Biasanya, dalam setiap project museum, hal pertama yang saya tawarkan kepada pihak pemilik project adalah penelitian sejarah. Berdasarkan pengalaman yang saya peroleh sebelumnya, penelitian sejarah adalah tulang punggung utama dalam memproduksi alur cerita dan materi pamer dalam museum. Dengan materi sejarah yang diperoleh melalui penelitian, seorang kurator akan memperoleh berbagai macam bahan imajinasi, ide, dan gagasan untuk memperbaiki alur cerita atau bereksperimen dengan bentuk media pamer tertentu. Dalam kasus pembangunan Museum Maritim Indonesia bersama dengan PT Pelindo II saya tidak memperoleh kesempatan emas untuk melakukan penelitian sejarah tersebut, karena secara administrasi telah dilaksanakan oleh tim perencana sebelumnya.
Pada kondisi demikian, saya sedikit berimprovisasi, dan itu bagian dari “pemberontakan demi kebebasan yang lebih” yang diinginkan oleh Szeeman pada 1969 ketika memutuskan hengkang dari museum tempat ia bekerja sejak 1961. Improvisasi yang saya lakukan adalah riset mandiri untuk mendapatkan imajinasi, ide, dan gagasan yang mungkin akan bisa memperbaiki alur cerita yang lebih baik dari rencana semula, tanpa banyak melakukan perubahan secara fisik. Kendala utama saya sebagai kurator pada saat itu adalah waktu. Saya tidak memiliki banyak waktu, sehingga harus menyusun detail konsep tata pamer sambil secara parallel melakukan pengumpulan dan atau penambahan materi yang dibutuhkan untuk penyusunan tata pamer. Berikutnya, untuk mempermudah pelaksanaan pekerjaan secara teknis saya membagi pengadaan materi pamer museum dalam tiga bagian pekerjaan, yaitu:
1. Pekerjaan desain grafis museum.
2. Pekerjaan artwork museum, termasuk di dalamnya pengadaan koleksi benda pamer, baik artefak bersejarah yang aseli maupun replika.
3. Pekerjaan konten untuk materi tayangan multimedia.
Selain itu, untuk panduan sementara, berdasarkan dokumen Laporan Akhir Alur Cerita dan Bahan Materi/Arsip/Artefak/ dan Barang Peninggalan Sejarah sebagai Koleksi Museum saya susun draft denah museum sebagai berikut:
Berdasarkan draft denah tersebut, kurator bekerja melengkapi berbagai bahan row materialyang dibutuhkan dalam menyusun materi pamer yang telah ditetapkan dalam tiga jenis tersebut, yaitu materi pamer grafis; materi pamer artwork yang meliputi berbagai display koleksi barang aseli atau replika, minidiorama, maket, diorama ruang, patung, dan berbagai bentuk pamer yang menggunakan campuran berbagai media; dan konten tayangan multimedia, berupa video mapping, slide gambar pada layar sentuh, atau film dokumenter berdurasi singkat yang diputar secara terus menerus.

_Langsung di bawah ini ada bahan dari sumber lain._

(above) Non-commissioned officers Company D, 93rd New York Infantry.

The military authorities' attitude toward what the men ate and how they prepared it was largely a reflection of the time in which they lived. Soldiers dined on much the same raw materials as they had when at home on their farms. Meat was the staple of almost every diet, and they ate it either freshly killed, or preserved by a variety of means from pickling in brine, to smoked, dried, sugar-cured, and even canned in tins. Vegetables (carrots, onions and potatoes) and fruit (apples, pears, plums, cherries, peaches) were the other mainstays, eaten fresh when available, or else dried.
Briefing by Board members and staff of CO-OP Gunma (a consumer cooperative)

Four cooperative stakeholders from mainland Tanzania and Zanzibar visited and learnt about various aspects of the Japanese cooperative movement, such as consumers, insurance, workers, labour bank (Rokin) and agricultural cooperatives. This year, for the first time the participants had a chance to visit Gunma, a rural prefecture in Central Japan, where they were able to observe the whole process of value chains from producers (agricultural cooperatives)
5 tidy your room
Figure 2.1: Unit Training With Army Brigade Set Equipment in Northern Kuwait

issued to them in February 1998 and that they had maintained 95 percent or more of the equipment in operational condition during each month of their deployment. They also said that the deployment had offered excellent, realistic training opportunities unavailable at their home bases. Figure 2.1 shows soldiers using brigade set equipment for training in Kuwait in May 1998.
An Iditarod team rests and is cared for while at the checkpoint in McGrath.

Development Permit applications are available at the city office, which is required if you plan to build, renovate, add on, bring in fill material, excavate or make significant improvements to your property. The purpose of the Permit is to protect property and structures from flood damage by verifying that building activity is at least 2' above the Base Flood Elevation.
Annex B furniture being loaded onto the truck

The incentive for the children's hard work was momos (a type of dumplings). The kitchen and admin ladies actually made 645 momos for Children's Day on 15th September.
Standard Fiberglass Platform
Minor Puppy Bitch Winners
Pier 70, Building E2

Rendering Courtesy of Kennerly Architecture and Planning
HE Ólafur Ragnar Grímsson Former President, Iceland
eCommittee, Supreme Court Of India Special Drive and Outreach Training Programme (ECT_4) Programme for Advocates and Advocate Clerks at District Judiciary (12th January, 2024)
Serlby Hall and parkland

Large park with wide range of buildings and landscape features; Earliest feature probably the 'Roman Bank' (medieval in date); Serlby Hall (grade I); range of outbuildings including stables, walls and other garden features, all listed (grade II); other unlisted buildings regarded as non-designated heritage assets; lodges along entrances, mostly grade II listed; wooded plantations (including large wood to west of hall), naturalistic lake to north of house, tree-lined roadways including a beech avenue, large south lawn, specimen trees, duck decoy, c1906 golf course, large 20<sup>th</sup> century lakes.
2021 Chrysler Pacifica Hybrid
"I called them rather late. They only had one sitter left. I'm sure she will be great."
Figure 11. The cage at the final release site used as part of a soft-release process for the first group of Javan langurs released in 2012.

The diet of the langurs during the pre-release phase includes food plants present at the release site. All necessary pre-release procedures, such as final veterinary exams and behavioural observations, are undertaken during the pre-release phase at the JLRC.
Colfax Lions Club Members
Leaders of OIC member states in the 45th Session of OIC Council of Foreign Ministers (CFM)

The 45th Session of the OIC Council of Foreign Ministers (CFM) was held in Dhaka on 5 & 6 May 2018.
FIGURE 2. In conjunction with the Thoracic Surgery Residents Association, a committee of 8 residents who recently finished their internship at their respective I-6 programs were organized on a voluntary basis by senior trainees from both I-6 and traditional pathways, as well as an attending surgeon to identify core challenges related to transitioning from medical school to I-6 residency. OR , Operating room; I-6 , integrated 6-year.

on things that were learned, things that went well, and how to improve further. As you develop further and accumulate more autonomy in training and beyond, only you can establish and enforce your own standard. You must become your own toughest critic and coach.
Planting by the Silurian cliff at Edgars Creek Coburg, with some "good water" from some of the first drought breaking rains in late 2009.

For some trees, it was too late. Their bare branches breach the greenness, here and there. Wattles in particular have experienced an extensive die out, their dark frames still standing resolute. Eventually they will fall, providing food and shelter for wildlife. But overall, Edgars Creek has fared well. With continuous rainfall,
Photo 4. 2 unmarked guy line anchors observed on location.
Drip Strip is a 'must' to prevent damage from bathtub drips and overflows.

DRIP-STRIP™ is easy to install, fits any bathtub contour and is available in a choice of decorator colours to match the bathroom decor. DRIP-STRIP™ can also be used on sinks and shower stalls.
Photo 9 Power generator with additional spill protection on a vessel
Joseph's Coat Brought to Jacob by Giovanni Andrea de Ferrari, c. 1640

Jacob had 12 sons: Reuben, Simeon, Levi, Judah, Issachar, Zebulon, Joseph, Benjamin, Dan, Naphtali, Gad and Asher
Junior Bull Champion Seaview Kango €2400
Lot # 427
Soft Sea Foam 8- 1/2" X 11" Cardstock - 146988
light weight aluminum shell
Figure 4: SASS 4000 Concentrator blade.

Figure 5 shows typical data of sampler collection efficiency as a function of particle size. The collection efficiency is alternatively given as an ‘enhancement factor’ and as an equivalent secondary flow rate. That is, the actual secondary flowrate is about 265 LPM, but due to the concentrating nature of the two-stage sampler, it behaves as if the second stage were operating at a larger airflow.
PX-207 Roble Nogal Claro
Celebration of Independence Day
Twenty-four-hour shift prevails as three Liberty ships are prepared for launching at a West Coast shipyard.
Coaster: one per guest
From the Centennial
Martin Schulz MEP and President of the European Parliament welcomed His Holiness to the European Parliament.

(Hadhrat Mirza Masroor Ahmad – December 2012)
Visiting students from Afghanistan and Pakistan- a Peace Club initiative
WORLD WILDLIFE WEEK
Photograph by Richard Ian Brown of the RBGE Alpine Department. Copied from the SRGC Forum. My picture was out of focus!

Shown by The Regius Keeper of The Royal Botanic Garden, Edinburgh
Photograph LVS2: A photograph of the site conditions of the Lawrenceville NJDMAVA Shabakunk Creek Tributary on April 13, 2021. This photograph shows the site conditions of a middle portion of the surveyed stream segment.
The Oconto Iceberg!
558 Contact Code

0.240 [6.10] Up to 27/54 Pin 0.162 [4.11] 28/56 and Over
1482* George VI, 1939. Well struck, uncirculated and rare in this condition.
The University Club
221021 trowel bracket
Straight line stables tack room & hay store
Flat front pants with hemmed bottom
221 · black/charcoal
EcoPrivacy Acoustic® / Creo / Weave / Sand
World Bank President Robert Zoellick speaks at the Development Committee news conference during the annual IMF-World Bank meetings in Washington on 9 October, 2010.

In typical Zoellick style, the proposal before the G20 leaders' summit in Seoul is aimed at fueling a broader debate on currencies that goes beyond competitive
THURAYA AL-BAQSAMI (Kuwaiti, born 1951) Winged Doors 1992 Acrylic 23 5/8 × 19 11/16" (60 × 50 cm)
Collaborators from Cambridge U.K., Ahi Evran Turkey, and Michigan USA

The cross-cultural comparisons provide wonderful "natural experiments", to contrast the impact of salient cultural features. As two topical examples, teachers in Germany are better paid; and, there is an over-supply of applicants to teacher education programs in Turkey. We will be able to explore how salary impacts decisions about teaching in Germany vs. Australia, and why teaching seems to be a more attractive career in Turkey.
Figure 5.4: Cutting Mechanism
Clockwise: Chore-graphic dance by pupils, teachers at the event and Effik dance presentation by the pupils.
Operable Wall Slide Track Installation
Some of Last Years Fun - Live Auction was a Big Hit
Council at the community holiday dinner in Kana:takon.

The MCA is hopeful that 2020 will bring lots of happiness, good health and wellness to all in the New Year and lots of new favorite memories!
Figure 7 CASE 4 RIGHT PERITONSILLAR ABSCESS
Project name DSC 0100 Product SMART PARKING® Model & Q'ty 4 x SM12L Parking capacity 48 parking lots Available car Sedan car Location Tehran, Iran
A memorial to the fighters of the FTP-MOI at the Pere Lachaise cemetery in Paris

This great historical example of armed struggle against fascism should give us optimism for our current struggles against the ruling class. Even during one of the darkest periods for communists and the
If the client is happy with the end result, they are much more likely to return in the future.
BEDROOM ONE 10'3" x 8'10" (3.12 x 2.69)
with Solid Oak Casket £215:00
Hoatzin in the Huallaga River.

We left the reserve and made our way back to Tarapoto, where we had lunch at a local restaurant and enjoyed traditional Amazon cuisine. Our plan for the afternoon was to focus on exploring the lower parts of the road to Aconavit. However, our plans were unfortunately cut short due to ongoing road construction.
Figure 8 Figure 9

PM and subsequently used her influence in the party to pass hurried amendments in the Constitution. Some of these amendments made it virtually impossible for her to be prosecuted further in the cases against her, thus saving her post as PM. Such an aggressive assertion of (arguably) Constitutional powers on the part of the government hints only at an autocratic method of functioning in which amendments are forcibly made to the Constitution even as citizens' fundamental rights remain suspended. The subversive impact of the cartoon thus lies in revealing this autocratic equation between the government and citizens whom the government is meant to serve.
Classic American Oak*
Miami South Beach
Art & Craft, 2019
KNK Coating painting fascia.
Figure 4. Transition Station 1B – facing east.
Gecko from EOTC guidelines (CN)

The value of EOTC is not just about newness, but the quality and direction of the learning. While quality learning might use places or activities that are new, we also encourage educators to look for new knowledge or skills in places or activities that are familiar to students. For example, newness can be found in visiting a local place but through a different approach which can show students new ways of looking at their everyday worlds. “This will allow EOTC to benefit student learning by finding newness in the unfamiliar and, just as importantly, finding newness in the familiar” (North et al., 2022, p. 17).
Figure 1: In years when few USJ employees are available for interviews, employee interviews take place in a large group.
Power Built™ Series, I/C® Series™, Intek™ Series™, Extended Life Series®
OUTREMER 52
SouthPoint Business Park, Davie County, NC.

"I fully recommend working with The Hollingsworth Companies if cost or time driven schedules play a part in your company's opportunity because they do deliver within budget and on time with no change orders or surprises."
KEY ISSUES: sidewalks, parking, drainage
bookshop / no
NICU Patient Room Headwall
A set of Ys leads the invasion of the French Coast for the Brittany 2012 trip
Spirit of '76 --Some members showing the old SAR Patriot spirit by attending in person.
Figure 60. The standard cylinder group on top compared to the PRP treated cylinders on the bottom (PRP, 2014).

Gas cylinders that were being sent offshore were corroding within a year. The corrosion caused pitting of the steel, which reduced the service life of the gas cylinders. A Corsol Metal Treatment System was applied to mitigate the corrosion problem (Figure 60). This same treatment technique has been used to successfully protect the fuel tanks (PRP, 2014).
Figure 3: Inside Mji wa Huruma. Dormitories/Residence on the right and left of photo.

Eksplorasi Area Bersejarah Pelabuhan Tanjung Priok
Sebelum melangkah lebih jauh dalam membangun museum pelabuhan dan pelayaran, yang pertama kali saya ajukan kepada pihak manajemen PT Pelindo II adalah membawa saya keliling area pelabuhan Tanjung Priok, mengingat museum akan dibangun di area pelabuhan menempati suatu gedung pusaka yang baru dibangun pada akhir 1950 an. Padahal sebagaimana kita ketahui, Pelabuhan Tanjung Priok telah dibangun sejak 1877 oleh Gubernur Jenderal Johan Wilhelm van Lansberge dan selesai pada 1886 (PT Pelabuhan Indonesia II, t.t.).
Terkait dengan pembangunan pelabuhan Tanjung Priok itu, di area pelabuhan pada saat ini dapat kita temukan batu prasasti peringatan 100 Tahun Hari Jadi Pembangunan Tanjung Priok yang jatuh pada 17 Juni 1977. Demikian teks yang tertulis pada batu prasasti tersebut:
“Dalam Rangka Peringatan 100 Tahun Hari Jadi Pelabuhan Tanjung Priok Pada Hari Ini, 17 Juni 1977 Di Tempat Ini Ditanamkan Sebuah Prasasti Untuk Generasi 100 Tahun Yang Akan Datang”.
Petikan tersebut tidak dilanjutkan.